== Exercise goal ==
Retype exactly every line from the one that includes "三福女冬季新款缎彩双面绒保暖内衣抗静电修身秋衣秋裤套装822285" through the final line of the listing, both ends kept, and omit the pictures.

-------------------------

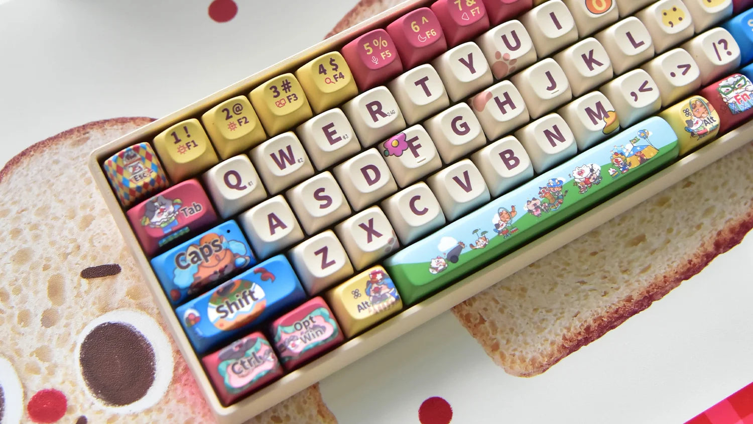 Step right up to the whimsical world of our "Cats' Paradise" keycaps, where cats are the stars of the Circus. From acrobatic antics and magical illusions to singing sensations and hoop-jumping trainers, these keycaps feature colorful, lively depictions of cats in various circus roles. The primary colors of red, yellow, and blue enhance the playful and dynamic vibe,Bringing the joy of a circus right to your fingertips with these vibrant and amusing keycaps.
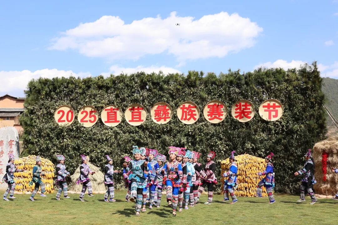 直苴村是“赛装之源、彝绣之根”,直苴彝族赛装活动传承了1350余年。赛装场上,爷爷赛装队、奶奶赛装队、汉子赛装队、妈妈赛装队、姑娘赛装队和娃娃赛装队依次上场,踏着欢快的歌声跳起脚来,彩裙飞扬、纵情欢歌,在山野间上演了一场大型民族服装秀。彝族传统服饰走秀汇聚了楚雄州各县(市)的彝族传统服饰,全方位展示了彝族服饰的厚重文脉和令人惊叹的完美蝶变,诉说着彝族文化的传承与发展,表达了彝家人心中的喜悦和对美好生活的歌颂。
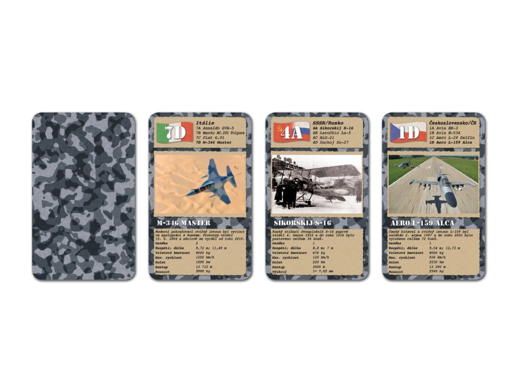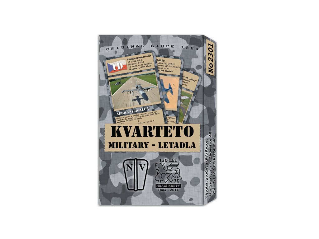 KVARTETO Military letadla - edice her Military přináší ve zcela originální grafice kvarteto s fotografiemi historických i současných válečných letadel. Hra vznikla ve spolupráci s nakladatelstvím Naše vojsko – knižní distribuce, s.r.o.
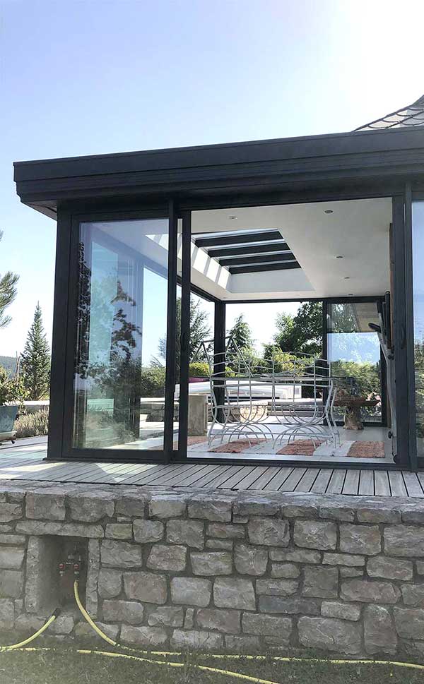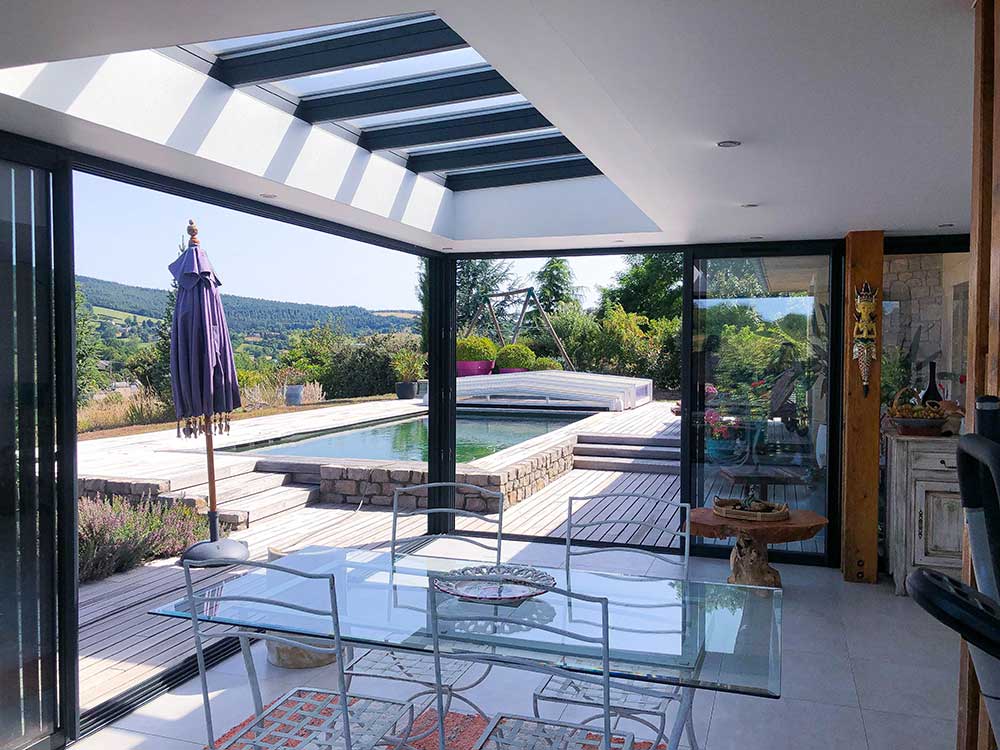 Accueil > Produits > Nos réalisations > Vivre dedans > Extension moderne ouverte sur piscine
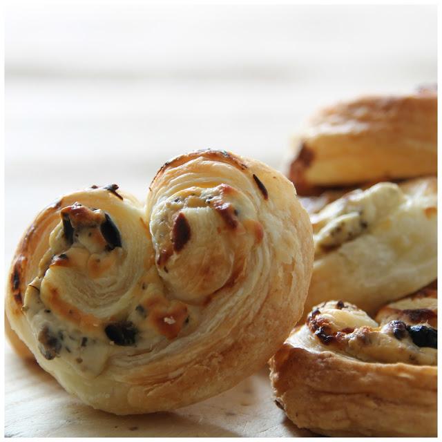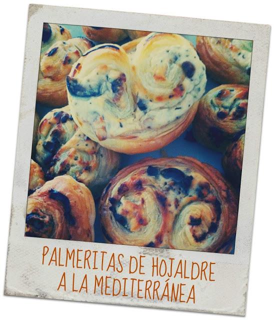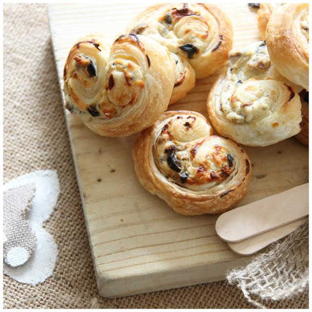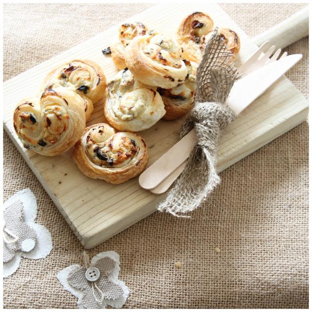 Hoy os traigo una receta que tanto puede ser un aperitivo caliente como solventaros una merienda. Se trata de una receta muy sencilla de hojaldre de la que podréis hacer tantas versiones como queráis... es sólo cuestión de imaginación. Estas tienen la ternura del queso y la fuerza mediterranea de las anchoas, las aceitunas, el ajo y la albahaca. --- Todays' recipe is very easy to do and can be both an appetizer or a snak . You could do as many versions as you want. Just need a little imagination. These palmiers have the tenderness of cheese and the Mediterranean strenght of anchovies, olives, garlic and basil.
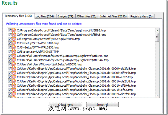 哇,我惊讶又被同一个呼吸所打动。它发现了一些垃圾文件,单击后似乎不需要任何东西。浏览每个选项卡并滚动浏览文件,然后单击确定将其杀死。它们都是默认选中的。您可以在屏幕底部选择全部或不选择按钮。
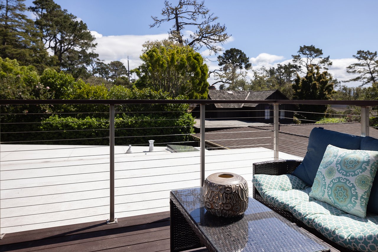 Upstairs, two bright bedrooms share a beautifully appointed full bath, with one offering a private balcony, plus an additional spacious balcony for outdoor enjoyment. The front yard features a welcoming sitting area with a fire pit, perfect for relaxing evenings. Complete with a 1-car attached garage, this turnkey home blends luxury, comfort, and ideal Carmel living.
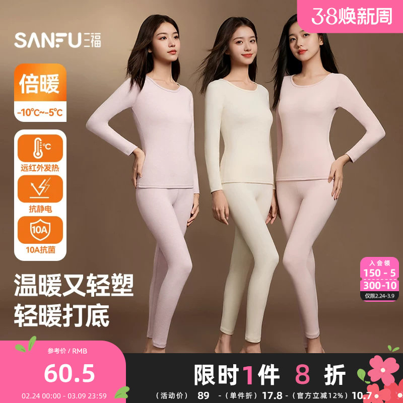 三福女冬季新款缎彩双面绒保暖内衣抗静电修身秋衣秋裤套装822285
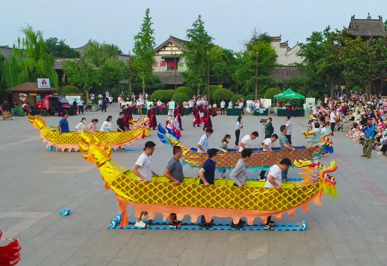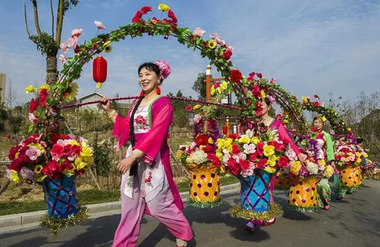 你可以看到欢快有趣的旱船庆端午;河蚌舞的独特舞姿;赶花车的热闹场景;挑花挑的优美律动;跑驴表演诙谐幽默;舞狮表演气势磅礴;大头娃娃的可爱形象;还有那淮红舞扇,舞动出宿迁的韵味与风情。无一不展现出独特的民俗魅力。

-------------------------

== The completed task ==
 三福女冬季新款缎彩双面绒保暖内衣抗静电修身秋衣秋裤套装822285
 你可以看到欢快有趣的旱船庆端午;河蚌舞的独特舞姿;赶花车的热闹场景;挑花挑的优美律动;跑驴表演诙谐幽默;舞狮表演气势磅礴;大头娃娃的可爱形象;还有那淮红舞扇,舞动出宿迁的韵味与风情。无一不展现出独特的民俗魅力。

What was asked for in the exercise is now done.